First part of the notebook leverages **Azure OpenAI** services to power the RAG pipeline:

### 🔡 Embeddings
We use `AzureOpenAIEmbeddings` to convert documents and user queries into dense vector representations. These vectors are stored and queried using a **FAISS vector store**.

- Model: Typically `text-embedding-003 small`
- Usage: Semantic search to retrieve the most relevant document chunks

### 🤖 Language Model
For final response generation, we use `AzureChatOpenAI`, a wrapper around models `gpt-4o-mini-test` hosted on Azure infrastructure.

- Model: `gpt-4o-mini-test` (via deployment name)
- Input: Original user query + retrieved context
- Output: A grounded, domain-specific response


In [None]:
# 🧠 Initialize Azure OpenAI Embeddings
open_ai_embeddings = Embeddings.azure_openai()

In [11]:
vectorstore = FAISS.from_documents(
    texts,
    open_ai_embeddings
)

In [12]:
retriever = vectorstore.as_retriever()

In [None]:
# 🤖 Initialize Azure OpenAI Chat Model (LLM)
open_ai_llm = LLMCall.azure_openai()

## 🔄 Multi-Query Chain (Query Expansion)

This chain is responsible for generating **multiple diverse sub-queries** from a user's original question.

**Why?**  
Traditional RAG relies on retrieving documents using a single embedding.

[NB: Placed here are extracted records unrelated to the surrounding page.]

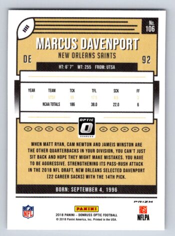 Marcus Davenport RC Refractor Holo Donruss Optic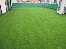 芝生を育てる環境としての好条件は日当たりが良いこと,水はけが良いことです。通常屋上は日光を遮る物が何も無いので文句なしです。水はけに関しては,屋上そのものが雨水が排水口に向かって流れるように設計されているため,排水口が詰まっていない限り如何なる豪雨でも芝生に水溜りができることは有り得ません。ゴルフ場のグリーンでさえ大雨の時は水溜まりができますので,そういう意味では屋上は芝生を育てる絶好の環境と言えます。その他,地上ではモグラや犬猫の糞尿被害もあると聞きますが,屋上ではそのような心配も御無用です。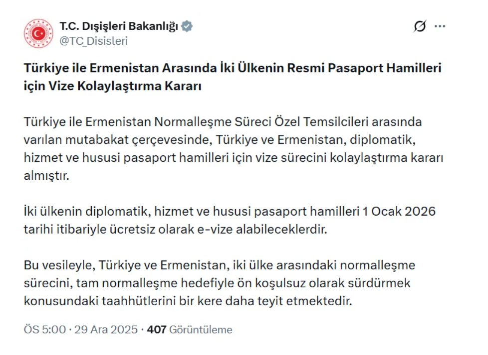 "Türkiye ile Ermenistan Arasında İki Ülkenin Resmi Pasaport Hamilleri için Vize Kolaylaştırma Kararı Türkiye ile Ermenistan Normalleşme Süreci Özel Temsilcileri arasında varılan mutabakat çerçevesinde, Türkiye ve Ermenistan, diplomatik, hizmet ve hususi pasaport hamilleri için vize sürecini kolaylaştırma kararı almıştır. İki ülkenin diplomatik, hizmet ve hususi pasaport hamilleri 1 Ocak 2026 tarihi itibariyle ücretsiz olarak e-vize alabileceklerdir. Bu vesileyle, Türkiye ve Ermenistan, iki ülke arasındaki normalleşme sürecini, tam normalleşme hedefiyle ön koşulsuz olarak sürdürmek konusundaki taahhütlerini bir kere daha teyit etmektedir."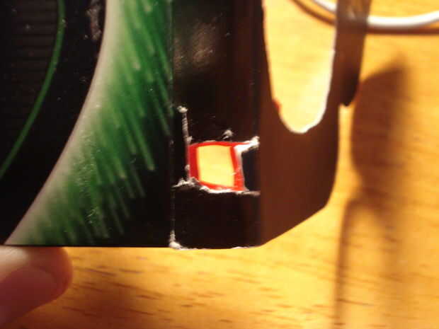 Deslizamiento en el Ipod y alinee los orificios auriculares y corte un agujero en la parte superior de la caja de cartón para los auriculares.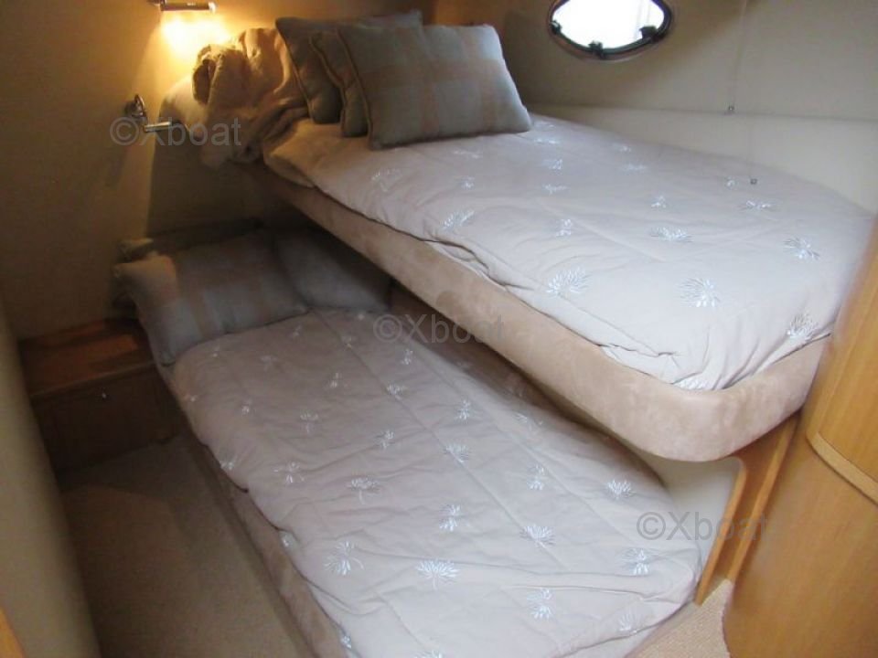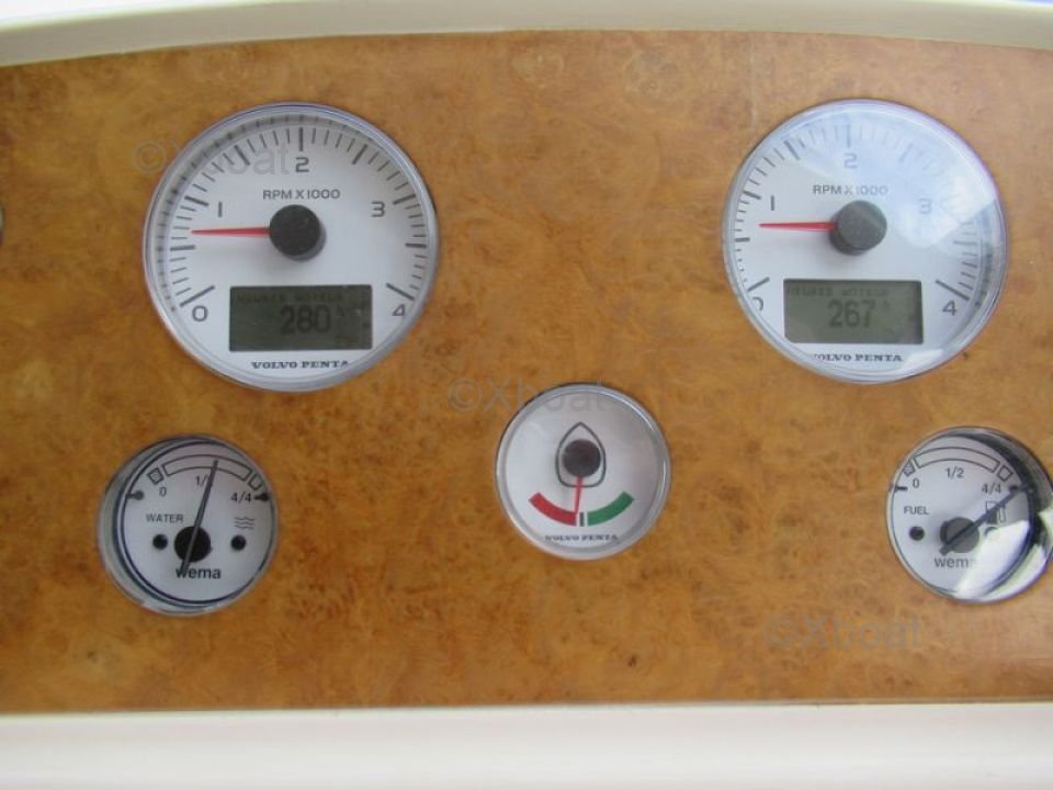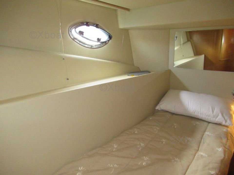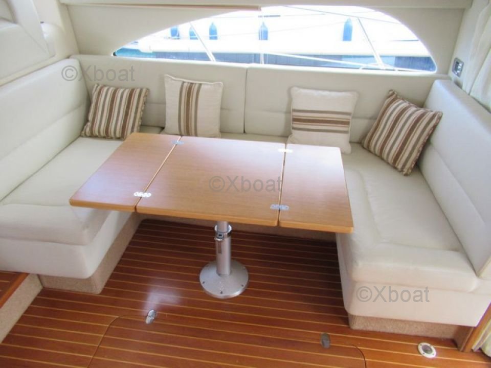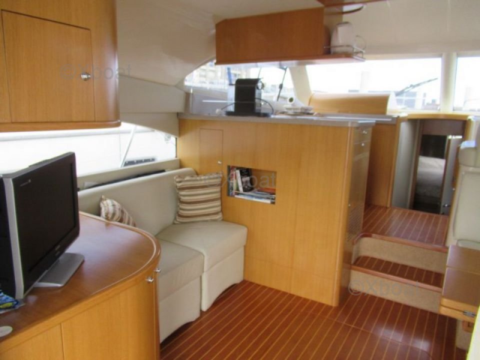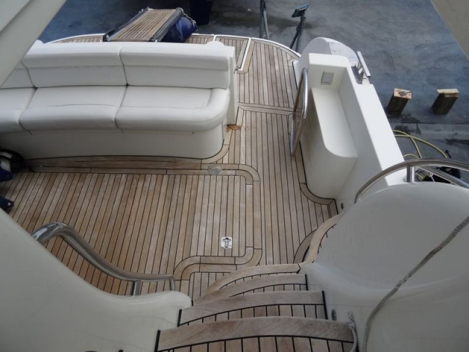 Confort et loisirs : Le pont arrière est conçu pour offrir un espace de détente avec des sièges confortables et une table à manger. Le bateau est également équipé d'un système de sonorisation et d'un réfrigérateur pour les boissons fraîches. Pour les amateurs de sports nautiques, une plateforme de bain et une douche extérieure sont disponibles.
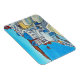 Vibrant, stylised painting of beautiful Santorini, Greece with its majestic blue dome by popular artist Lisa Lorenz on a magnet.

If the question is phrased narrowly, relevant information might be missed.

**How it works:**

1. A prompt instructs the LLM to generate 5 alternate versions of the query.
2. The Azure OpenAI model processes the prompt.
3. The result is parsed and split into individual questions.
4. These questions are then used to perform **multiple document retrievals**, improving recall.

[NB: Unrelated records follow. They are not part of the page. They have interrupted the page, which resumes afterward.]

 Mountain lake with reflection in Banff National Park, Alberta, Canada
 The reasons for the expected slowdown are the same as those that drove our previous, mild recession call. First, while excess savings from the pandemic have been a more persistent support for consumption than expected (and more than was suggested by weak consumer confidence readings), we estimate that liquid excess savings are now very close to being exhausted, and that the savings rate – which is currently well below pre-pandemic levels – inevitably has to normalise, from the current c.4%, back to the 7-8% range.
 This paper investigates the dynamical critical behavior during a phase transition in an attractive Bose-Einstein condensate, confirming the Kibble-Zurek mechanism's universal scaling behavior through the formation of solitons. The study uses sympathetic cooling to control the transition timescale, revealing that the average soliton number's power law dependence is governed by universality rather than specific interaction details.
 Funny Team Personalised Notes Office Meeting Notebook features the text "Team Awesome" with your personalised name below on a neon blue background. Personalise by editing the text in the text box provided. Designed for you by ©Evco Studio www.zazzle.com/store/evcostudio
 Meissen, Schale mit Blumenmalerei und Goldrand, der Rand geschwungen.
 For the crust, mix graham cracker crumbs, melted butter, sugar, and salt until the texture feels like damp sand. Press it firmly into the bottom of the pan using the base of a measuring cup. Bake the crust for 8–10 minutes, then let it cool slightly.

This is a key step in **Multi-Query RAG** strategies that boost the quality of retrieved context.


In [None]:
# 🔁 Multi-Query Chain for Generating Rephrased Questions
# This chain uses an LLM to generate 5 diverse sub-queries from a single user question.
# It follows this sequence:
#   1. m_query_prompt: A prompt template instructing the LLM to generate alternate versions
#   2. open_ai_llm: The Azure OpenAI model used for generation
#   3. StrOutputParser(): Parses the raw LLM output into a string
#   4. lambda x: x.split("\n"): Splits the result into individual questions (assuming each is newline-separated)

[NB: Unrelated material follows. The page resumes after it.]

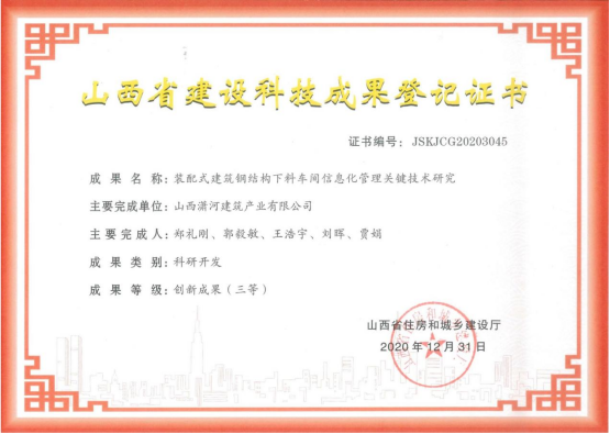 装配式建筑钢结构下料车间信息化管理关键技术研究科技成果登记证书
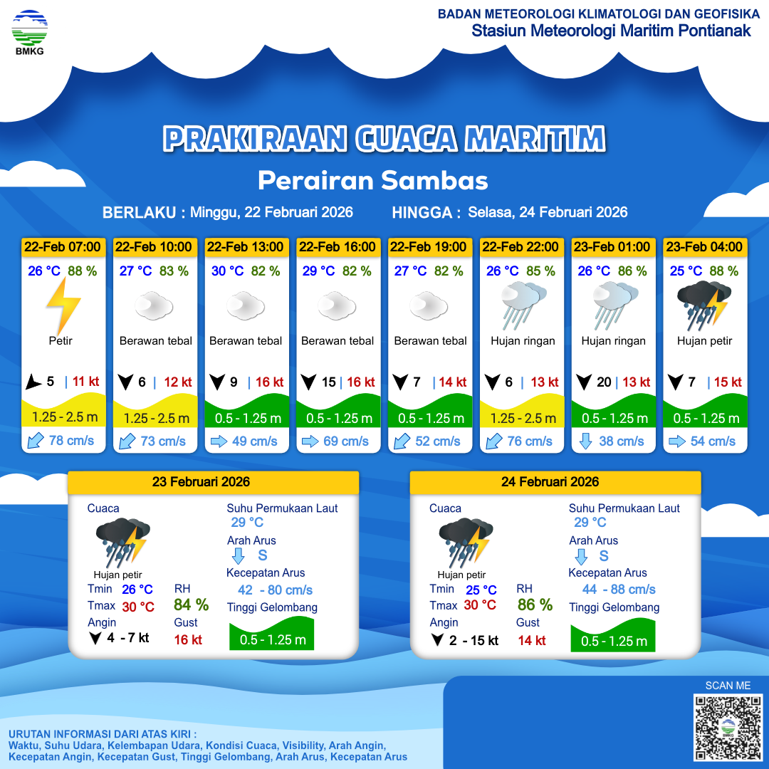 22 Feb 26, 07.00 6 jam kedepan | Utara 20 kt Gust Peningkatan kecepatan angin yang singkat dan tiba-tiba : 16 kt | 1.2 m Rendah | Timur Laut 65.0 cm/s | 30 °C | 82 % | |

multi_query_chain = m_query_prompt| open_ai_llm | StrOutputParser() | (lambda x: x.split("\n"))

## 🔍 Multi-Query Retrieval Chain

After generating multiple rephrasings of the user's question, this chain is responsible for retrieving documents based on each version.

### 🚀 Steps:
1. **Generate Sub-Queries**  
   The original question is transformed into 5 alternate forms using `multi_query_chain`.

2. **Parallel Retrieval**  
   Each sub-query is passed to the retriever (`retriever.map()`), which fetches the most relevant chunks for each.

3. **Deduplication**  
   The retrieved results are combined using `get_unique_union` to eliminate duplicate documents.

### 🎯 Result:
A clean, merged list of **diverse but relevant context documents**, ready to be passed to the final generation step.


In [None]:
# 🔍 Multi-Query Retrieval Chain
# This chain takes the sub-queries generated by the multi_query_chain and performs the following steps:
#   1. multi_query_chain — generates 5 rephrased versions of the original question
#   2. retriever.map() — runs retrieval for each sub-query in parallel
#   3. get_unique_union — flattens and deduplicates all retrieved chunks into one clean list of documents

multi_query_retrieval_chain = multi_query_chain | retriever.map() | get_unique_union

In [None]:
'''
Testing/ Showing if we are getting our questions of not and we are checking the length of unique chunks from it.
'''

# Retrieve
question = "Is there a warranty on the phone?"
docs = multi_query_retrieval_chain.invoke({"question":question})
len(docs)

  return [loads(doc) for doc in unique_docs]


5

## 🧠 Final RAG Chain – Context + Answer Generation

This is the last stage in the **Multi-Query RAG** pipeline.  
It takes the original question and the merged context retrieved from sub-queries and generates a final answer.

### 📦 Components:

- **`multi_query_retrieval_chain`**: Provides a deduplicated list of relevant chunks
- **`itemgetter("question")`**: Selects the original user query for use in the prompt
- **`rag_prompt`**: Structured template that instructs the model how to use the context
- **`open_ai_llm`**: Azure-hosted GPT model for generating the response
- **`StrOutputParser()`**: Cleans up the output and returns the final answer as a string

This chain ensures that the final answer is:
- Grounded in retrieved documents
- Context-aware
- Polite, accurate, and brand-aligned (as per the prompt)

In [None]:
# 🧠 Final RAG Chain – Answer Generation Step
# This chain combines the user's original question with the deduplicated retrieved context,
# feeds it into the final prompt, and uses the LLM to generate a grounded answer.

final_rag_chain = (
    {
	    "context": multi_query_retrieval_chain,    # 🔍 Retrieved and deduplicated context from multi-query RAG
        "question": itemgetter("question")         # 💬 Original user question (unchanged)
    } 
    | rag_prompt                                   # 📝 Custom prompt template guiding the LLM
    | open_ai_llm                                  # 🤖 Azure OpenAI model for response generation
    | StrOutputParser()                            # 🧾 Parse the final answer as plain text
)

In [17]:
response = final_rag_chain.invoke({"question":question})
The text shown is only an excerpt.